*tapping finger on chin*
Okay, I got it. I hate that I can be fearful…
I have a tendency to in spite of knowing I encompass the ability to DO something…I stop short before doing it. Like the first time I rode a bike, I knew the concept of balance and pedaling…but, I was afraid to fall, so I stopped short. That resulted in a sore booty and a few chain burns on my leg. Though…once I got back on and tried again…I was a bike-riding fool. Everyone who had a bike (because I didn’t have my own) had to let me ride. “Can I ride it around the park?” …and OFF I went. I couldn’t be stopped.
I can be given a task and immediately I am daunted by it…then I suck it back down, jump in and WING it. I think it’s the perfectionist in me. Trying to in THAT moment to figure out the best way to do it…the most expeditious way to complete it and to do it with a round of applause shortly following presentation. I want others to be as proud of me as I am for having finished. Sue me…I care what people think…to an extent.

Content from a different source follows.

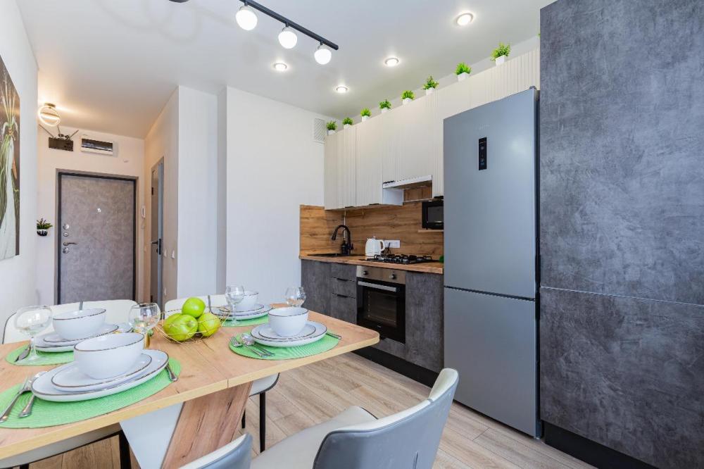 - В квартире  есть кухня с духовым шкафом и плитой, холодильником, микроволновой печью и всем необходимым

I want to squash that fear…but, then maybe I don’t. I mean, I also feel that it’s necessary. With that fear (IMO)…humility is accompanied. I’m not so full of myself that I get over-confident and find myself sucking wind when my supposed GENIUS results in a dud. (We all fall short). I want to be okay with the end result…to not rush it. I want to know that I gave it my all. I want for whoever it was that gave me said task…knows their trust wasn’t misplaced.
So…Yea, that’s something that I “hate” about myself.
That wasn’t so bad…onto the next 29 days. I’m raring to go!!